> _What the task asks_
Below are the records; repeat exactly their lines between the line holding "EXCAVATED HUMAN-SHELL DENIM" and the line holding "灵活适配功能:支持 VR 设备单独体验,也可通过大屏端用于集体科普,适配学校、社区、企业等不同场景。", inclusive, skipping the pictures.

(Dataset records)

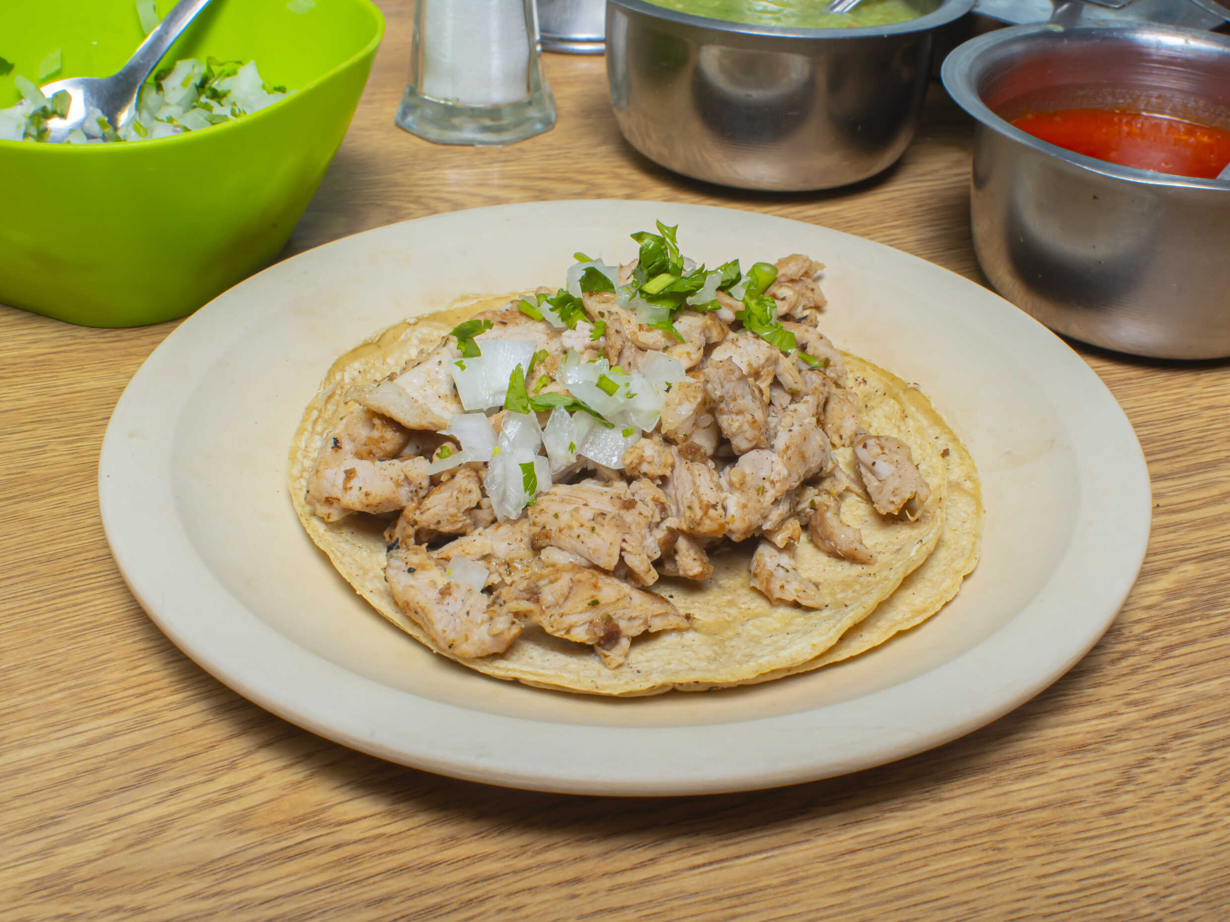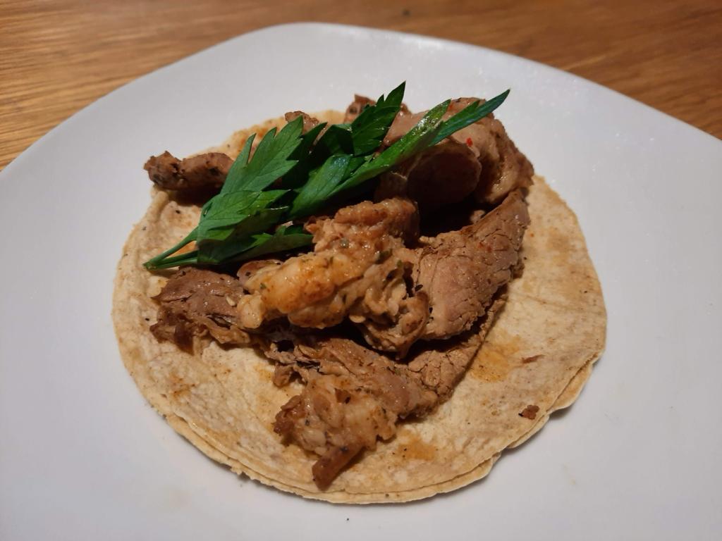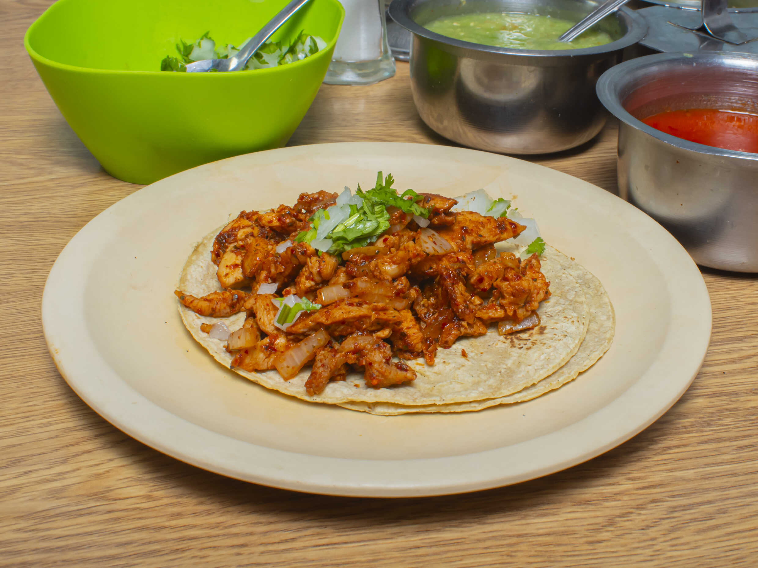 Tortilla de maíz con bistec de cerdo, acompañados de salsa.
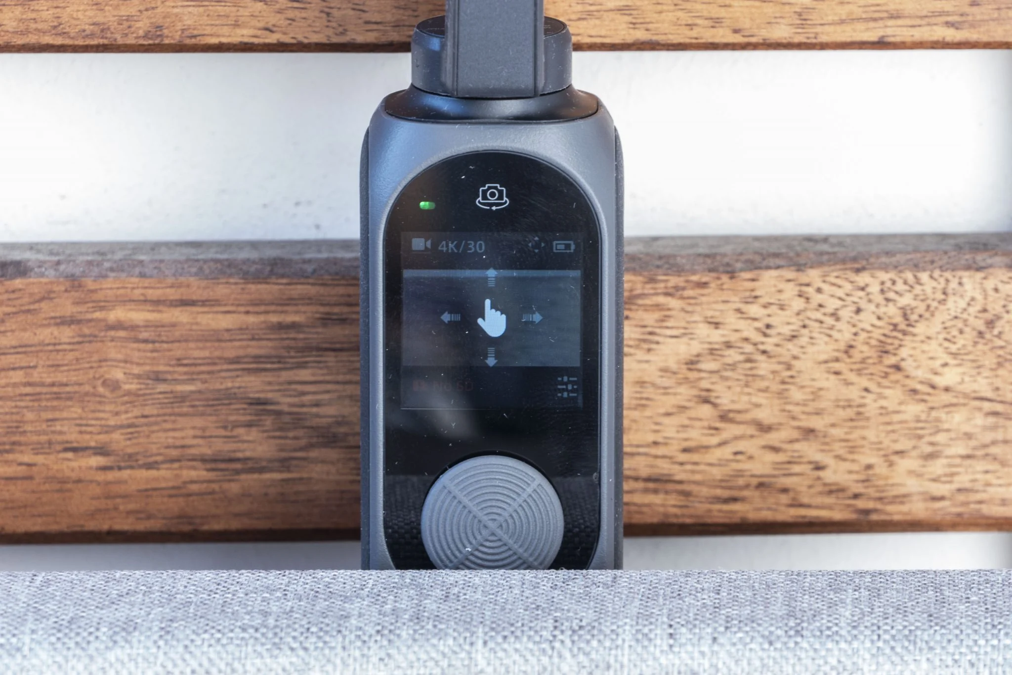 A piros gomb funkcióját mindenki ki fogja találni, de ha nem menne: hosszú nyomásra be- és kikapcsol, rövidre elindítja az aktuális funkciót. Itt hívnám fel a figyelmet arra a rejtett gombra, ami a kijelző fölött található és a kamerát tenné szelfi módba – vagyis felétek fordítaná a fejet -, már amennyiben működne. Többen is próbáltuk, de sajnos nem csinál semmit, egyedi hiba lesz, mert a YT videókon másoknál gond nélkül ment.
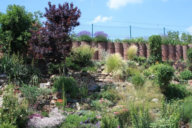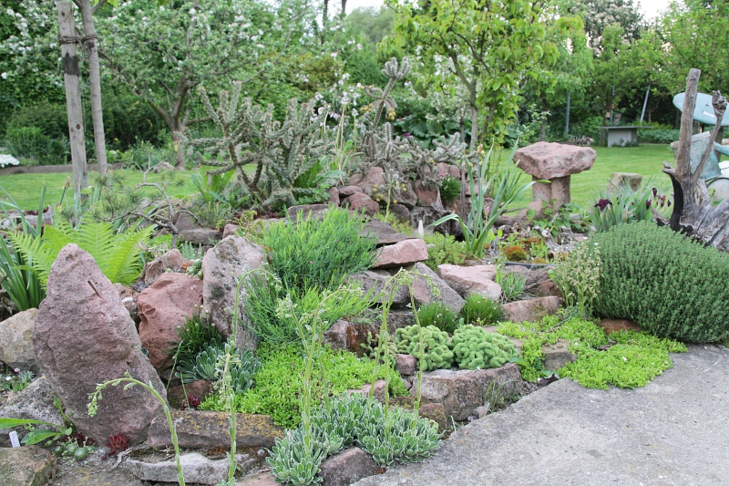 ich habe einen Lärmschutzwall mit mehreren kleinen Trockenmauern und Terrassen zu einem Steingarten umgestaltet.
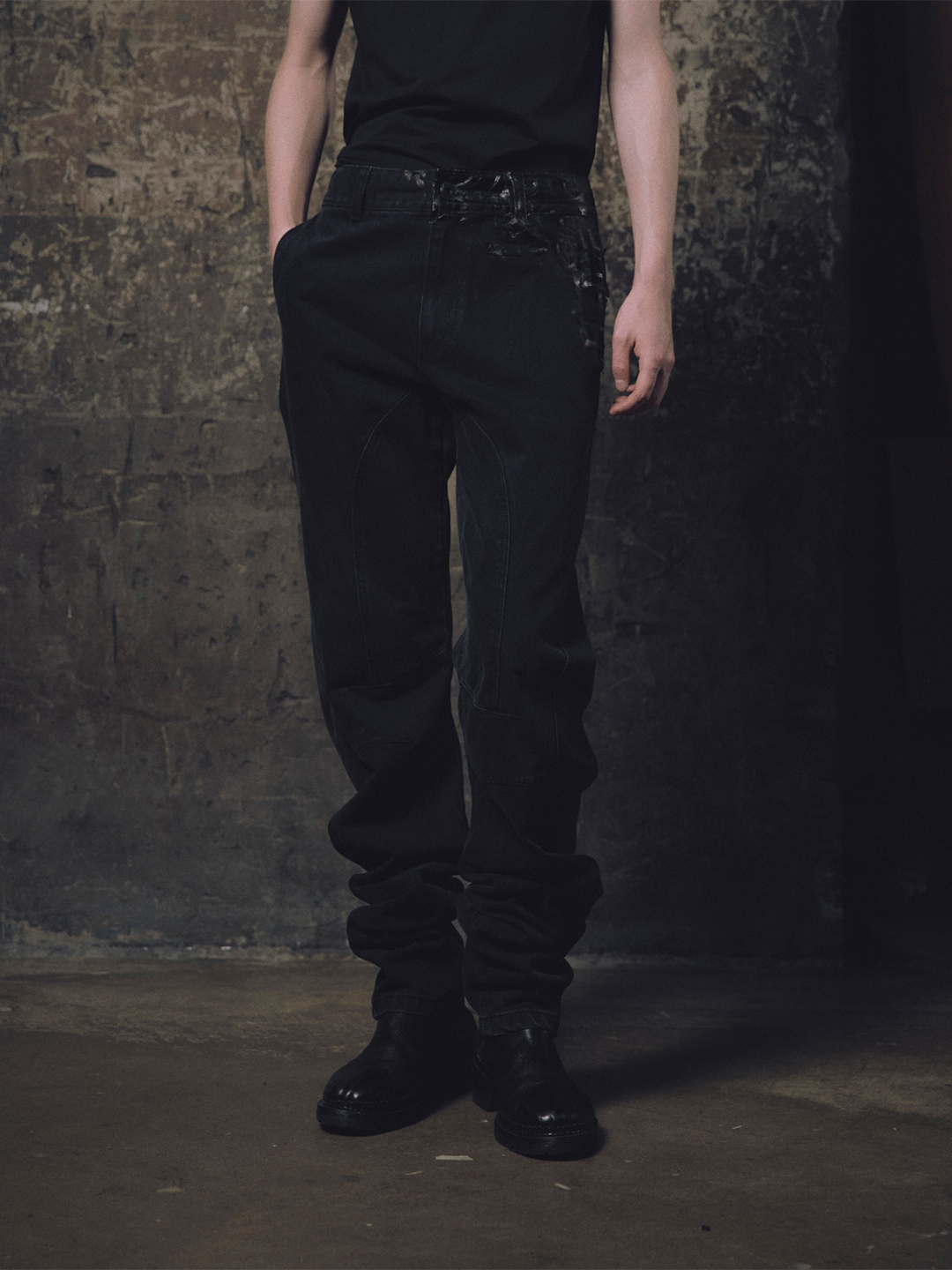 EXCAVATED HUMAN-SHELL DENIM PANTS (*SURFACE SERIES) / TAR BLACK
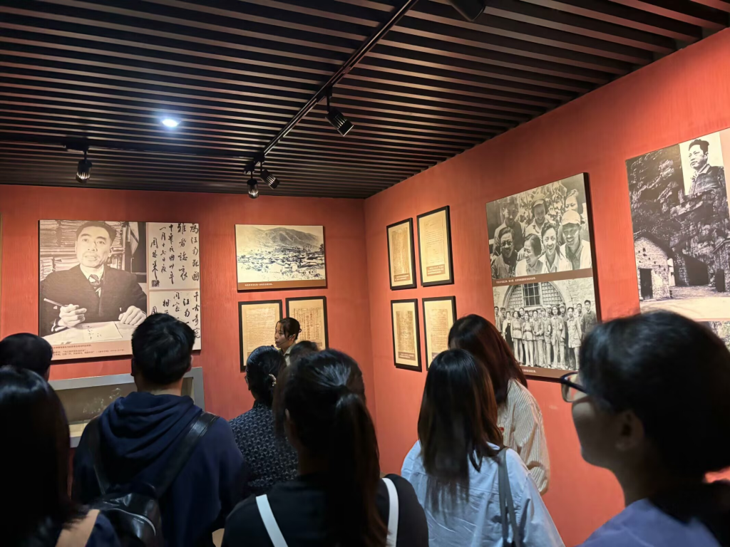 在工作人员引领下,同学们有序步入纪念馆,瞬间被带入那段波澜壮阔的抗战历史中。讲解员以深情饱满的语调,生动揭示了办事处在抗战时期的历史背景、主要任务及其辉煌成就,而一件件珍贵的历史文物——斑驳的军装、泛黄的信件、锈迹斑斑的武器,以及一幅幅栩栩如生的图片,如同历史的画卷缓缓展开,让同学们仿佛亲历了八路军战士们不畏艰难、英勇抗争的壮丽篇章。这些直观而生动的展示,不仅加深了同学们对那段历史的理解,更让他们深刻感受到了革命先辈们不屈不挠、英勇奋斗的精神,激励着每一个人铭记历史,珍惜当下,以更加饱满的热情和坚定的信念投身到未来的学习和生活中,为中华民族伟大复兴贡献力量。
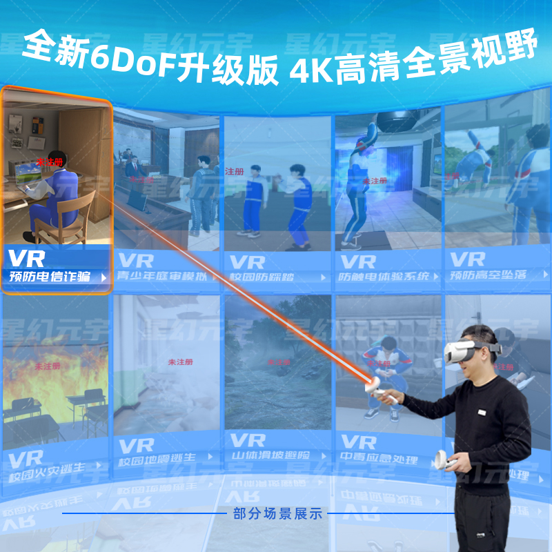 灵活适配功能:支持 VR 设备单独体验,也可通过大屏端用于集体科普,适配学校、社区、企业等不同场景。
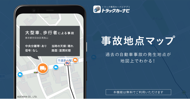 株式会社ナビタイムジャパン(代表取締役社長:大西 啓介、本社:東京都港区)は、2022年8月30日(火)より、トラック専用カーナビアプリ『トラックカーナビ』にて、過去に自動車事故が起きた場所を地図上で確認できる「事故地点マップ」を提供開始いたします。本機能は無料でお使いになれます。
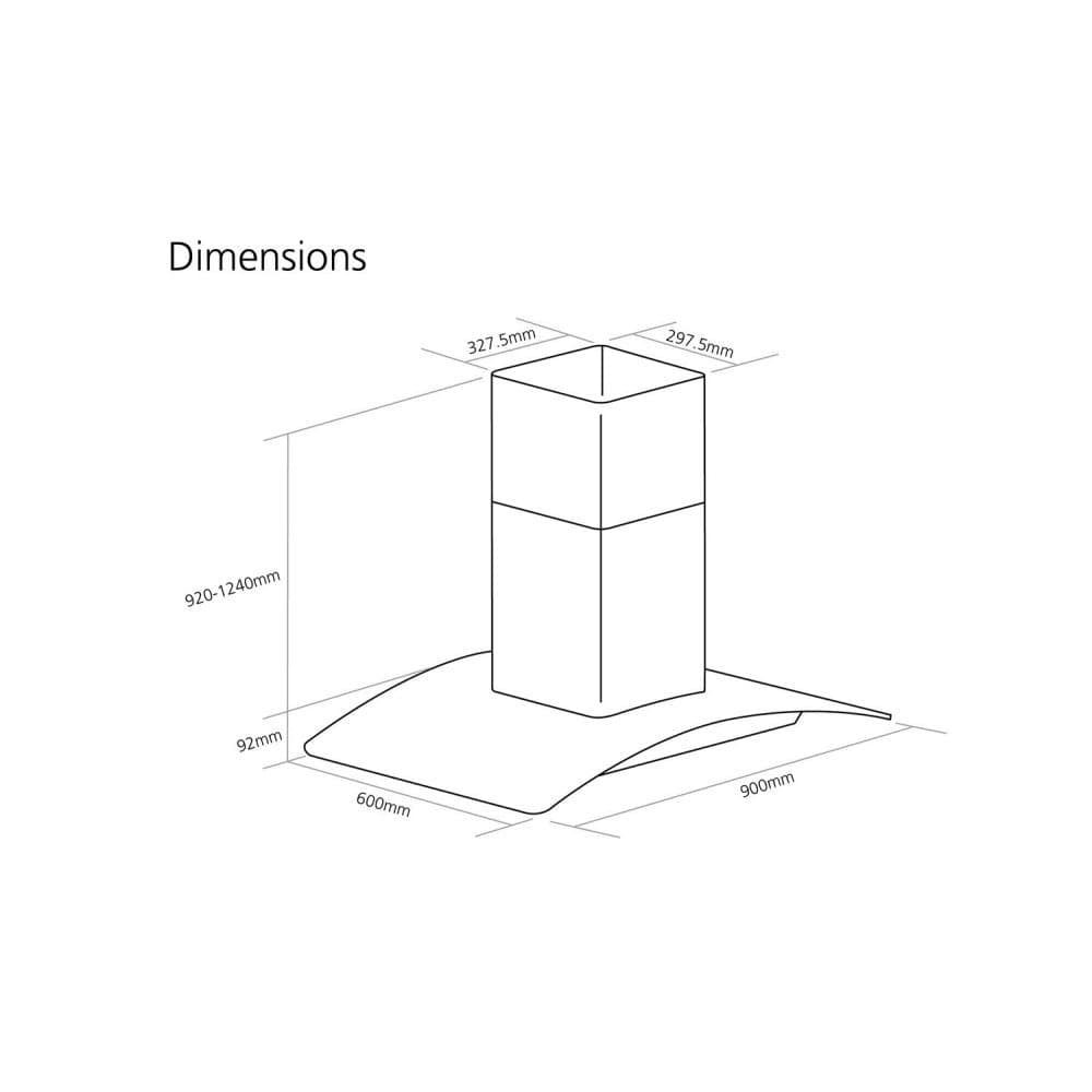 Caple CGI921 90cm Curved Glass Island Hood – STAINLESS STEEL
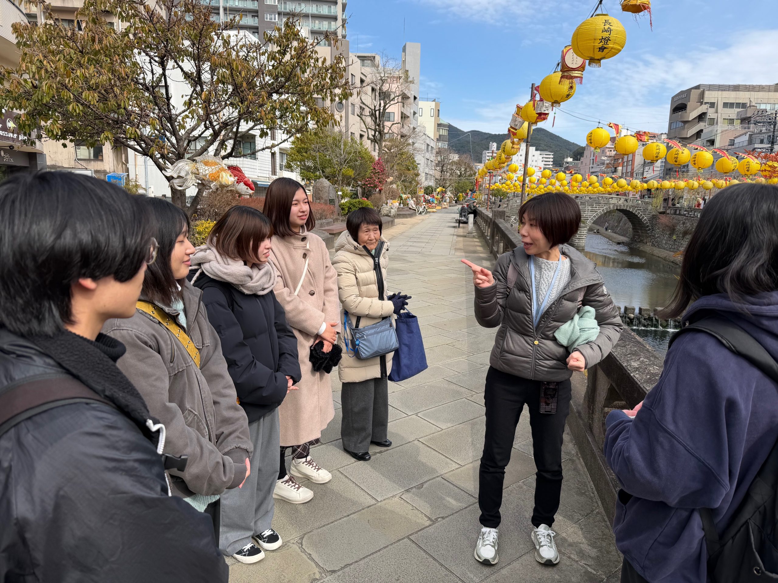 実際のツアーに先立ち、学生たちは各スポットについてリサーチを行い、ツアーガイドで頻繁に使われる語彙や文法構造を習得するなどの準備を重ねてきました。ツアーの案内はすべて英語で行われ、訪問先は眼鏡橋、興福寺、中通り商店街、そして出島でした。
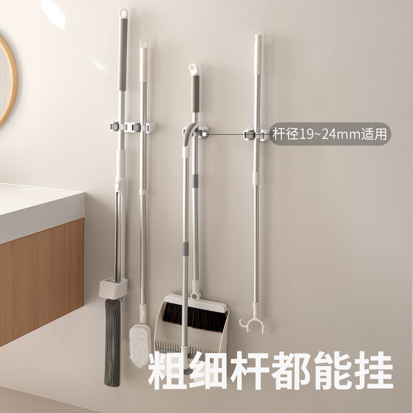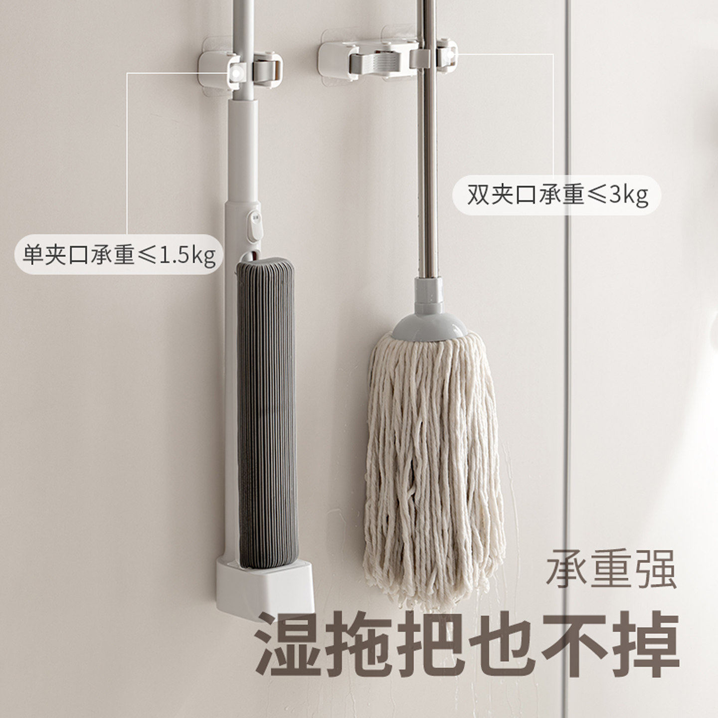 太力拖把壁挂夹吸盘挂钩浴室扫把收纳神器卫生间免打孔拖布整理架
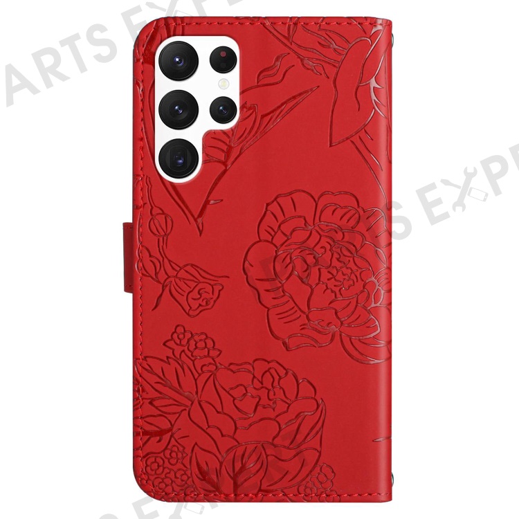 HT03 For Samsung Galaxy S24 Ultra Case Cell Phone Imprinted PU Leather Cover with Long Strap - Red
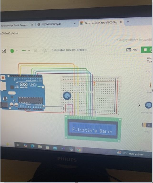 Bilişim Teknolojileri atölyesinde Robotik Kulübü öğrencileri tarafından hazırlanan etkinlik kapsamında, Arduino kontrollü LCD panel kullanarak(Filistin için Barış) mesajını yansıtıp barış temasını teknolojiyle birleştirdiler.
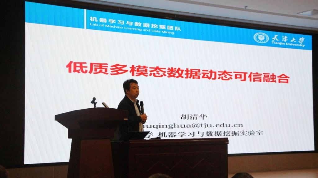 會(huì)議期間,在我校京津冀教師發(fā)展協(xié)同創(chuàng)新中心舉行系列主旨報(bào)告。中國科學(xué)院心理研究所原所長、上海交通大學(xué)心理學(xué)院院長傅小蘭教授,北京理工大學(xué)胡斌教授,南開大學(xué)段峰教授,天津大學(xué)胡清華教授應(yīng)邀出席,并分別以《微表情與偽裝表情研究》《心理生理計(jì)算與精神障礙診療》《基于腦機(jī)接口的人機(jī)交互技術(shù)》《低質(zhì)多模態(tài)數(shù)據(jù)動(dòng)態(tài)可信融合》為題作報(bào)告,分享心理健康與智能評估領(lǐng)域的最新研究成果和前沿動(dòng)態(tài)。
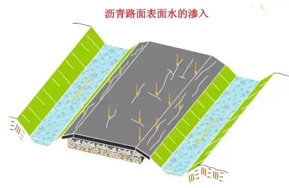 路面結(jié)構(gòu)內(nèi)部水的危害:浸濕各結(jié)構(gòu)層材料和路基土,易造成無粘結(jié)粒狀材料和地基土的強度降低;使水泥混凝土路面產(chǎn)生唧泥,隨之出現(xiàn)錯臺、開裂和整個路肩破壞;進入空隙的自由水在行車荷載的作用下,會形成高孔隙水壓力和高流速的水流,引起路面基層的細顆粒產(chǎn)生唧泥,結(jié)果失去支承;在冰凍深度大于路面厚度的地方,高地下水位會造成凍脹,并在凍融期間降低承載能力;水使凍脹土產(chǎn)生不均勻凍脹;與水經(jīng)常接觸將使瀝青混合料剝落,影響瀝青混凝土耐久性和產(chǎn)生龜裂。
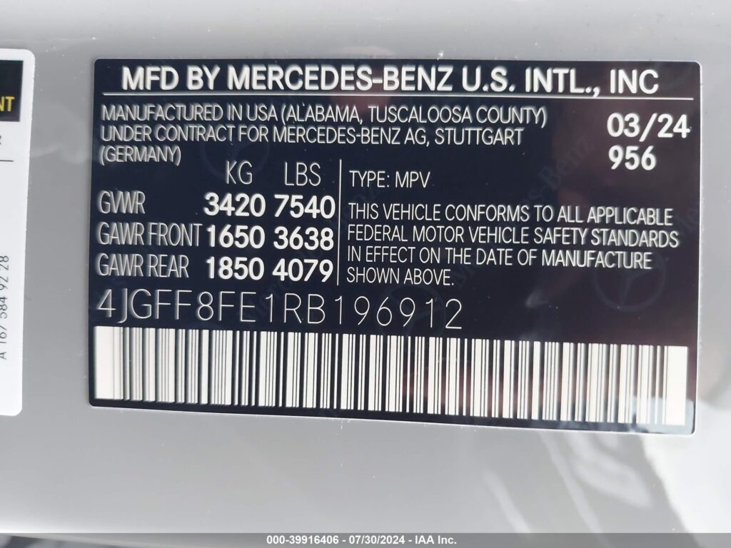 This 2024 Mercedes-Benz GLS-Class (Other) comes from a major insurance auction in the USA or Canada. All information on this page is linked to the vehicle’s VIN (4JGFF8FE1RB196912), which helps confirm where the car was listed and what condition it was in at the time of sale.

(End Dataset records)

> _Solution to this exercise_
 EXCAVATED HUMAN-SHELL DENIM PANTS (*SURFACE SERIES) / TAR BLACK
 在工作人员引领下,同学们有序步入纪念馆,瞬间被带入那段波澜壮阔的抗战历史中。讲解员以深情饱满的语调,生动揭示了办事处在抗战时期的历史背景、主要任务及其辉煌成就,而一件件珍贵的历史文物——斑驳的军装、泛黄的信件、锈迹斑斑的武器,以及一幅幅栩栩如生的图片,如同历史的画卷缓缓展开,让同学们仿佛亲历了八路军战士们不畏艰难、英勇抗争的壮丽篇章。这些直观而生动的展示,不仅加深了同学们对那段历史的理解,更让他们深刻感受到了革命先辈们不屈不挠、英勇奋斗的精神,激励着每一个人铭记历史,珍惜当下,以更加饱满的热情和坚定的信念投身到未来的学习和生活中,为中华民族伟大复兴贡献力量。
 灵活适配功能:支持 VR 设备单独体验,也可通过大屏端用于集体科普,适配学校、社区、企业等不同场景。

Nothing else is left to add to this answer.